Idiopathic pulmonary fibrosis is a progressive fibrosing disorder for which there is no cure and no pharmacological treatment capable of increasing in a meaningful way the survival rate. Lung transplantation remains the only possible treatment for patients with advanced disease, although the increase in 5-year survival is only 45 %. Some preclinical studies have generated promising results about the therapeutic potential of exogenous stem cells. However, two initial clinical trials involving the endobronchial or systemic delivery of autologous adipose tissue-derived or unrelated-donor, placenta-derived mesenchymal stem cells have not convincingly demonstrated that these treatments are acceptably safe. The results of other ongoing clinical trials may help to identify the best source and delivery route of mesenchymal stem cells and to estimate the risk of unwanted effects related to the mesenchymal nature of the transplanted cells.

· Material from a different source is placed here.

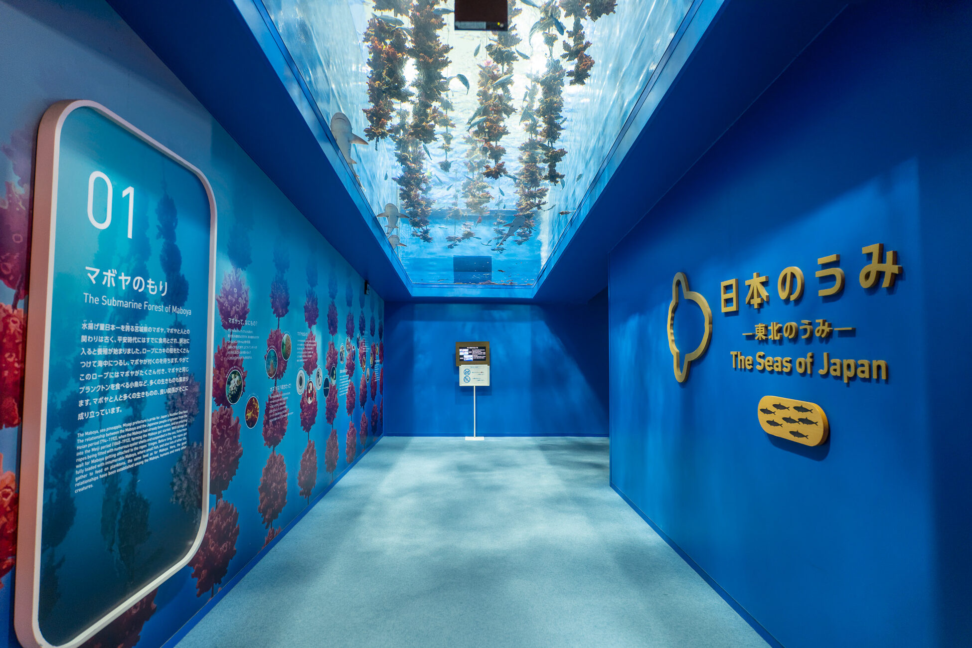 洋食の様子を再現した「マボヤのもり」を過ぎると、メインの大水槽「いのちきらめく うみ」があります。
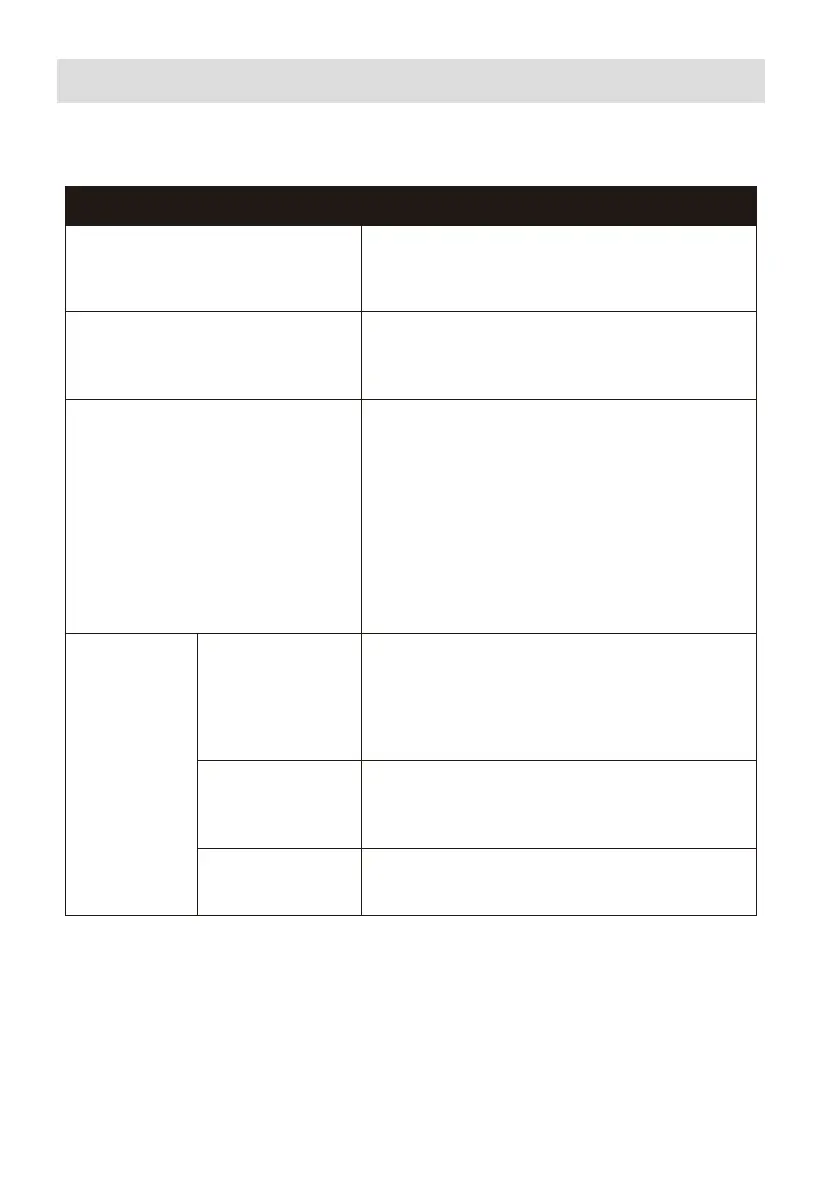 • 上表所列為用於診斷和檢查常見問題。如果問題無法解決,請將產品送往維修點或撥打服務電話

Considering that most of the therapeutic potential of these cells has been ascribed to paracrine signaling, the use of mesenchymal stem cell-derived secretome as an alternative to the transplantation of single cell suspension may circumvent many regulatory and clinical problems. Technical and safety concerns still limit the possibility of clinical applications of other promising interventions that are based on the use of human amnion stem cells, embryonic stem cells or induced pluripotent stem cells to replace or regenerate the dysfunctional alveolar epithelium. We summarize the current status of the field and identify major challenges and opportunities for the possible future integration of stem cell-based treatments into the currently recommended clinical management strategy for idiopathic pulmonary fibrosis.